But the political questions it raised are more pertinent than ever. That line in Duquesne, which is more than five times bigger than it was at the start of the pandemic, illustrates the transformative nature of this crisis. The day after Mr. Sanders withdrew, unemployment rose by 6.6 million bringing the number who have lost their jobs in the last three weeks to 16 million. Recovering from the global economic depression, we are about to experience demands of a thoroughgoing structural alternative to neo-liberalism. That is what Mr. Sanders was suggesting: that is why the establishment was so desperate for him to lose.
On Biden
Clearly, that alternative is by no means the only scenario; Mr. Trump could win and things can get even worse.
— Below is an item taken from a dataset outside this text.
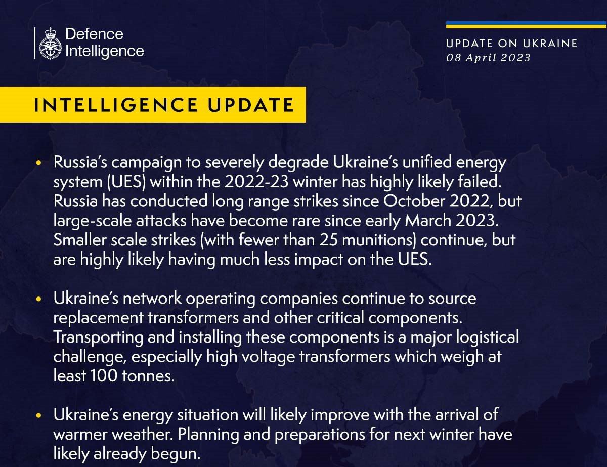 The intelligence notes that Ukraine's grid operating companies continue to search for replacement transformers and other critical components for the power system, but that transporting and installing them presents a logistical challenge, particularly for high-voltage 100-ton transformers.
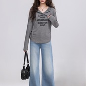 カジュアルながらも洗練された印象のプリントスウェット。

But a Biden candidacy is by no means a risk-free proposition. Far from it. There is a reason why South Carolina was the first State he has won in the three times he has run for the presidency in 32 years (1988, 2008, 2020). At the best of times he is a terrible candidate. On the stump he rambles hopelessly, losing himself midsentence, wandering into rhetorical cul-de-sacs and is overly tactile with women. He told a crowd in Houston he was looking forward to Super Thursday and once confused his wife and his sister, who were both on the stage with him.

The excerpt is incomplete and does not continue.